The inclusion of compressive residual stress effects in crack growth modelling

Compressive residual stresses are often deliberately induced at holes and notches to improve the fatigue performance of parts with these features. A modification to the FASTRAN II deterministic life prediction model was developed to account for the presence of compressive residual stresses. They were accounted for by replacing the opening stress as the closure mechanism with a closure mechanism consisting of the compressive residual stress and a reduced opening stress. An experimental program was developed to investigate the effects of residual stresses on fatigue lives. Compressive residual stresses were induced in the notches of 2024-T3 aluminium single-edge notch tension [SE(T)] specimens using tensile overloads.
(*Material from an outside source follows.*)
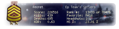 | Headshots | 158 | Suicides | 19 | Headshot / Kill | 21.09 % |

The residual stress distributions were depicted by finite element analyses. Four sets of specimens, each subjected to a different overload level, were tested under constant amplitude loading. Because of the variability observed in experimental fatigue lives, a probabilistic approach was used to predict the distribution of fatigue lives of the SE(T) specimens with compressive residual stresses. The variability of the experimental fatigue lives for the SE(T) specimens was predicted using the residual stresses, measured particle distributions for the material, a modified version of FASTRAN II, and conditional probability. The predicted fatigue life distributions for the four residual stress levels examined agreed with the experimental data with average errors between 5 and 15%.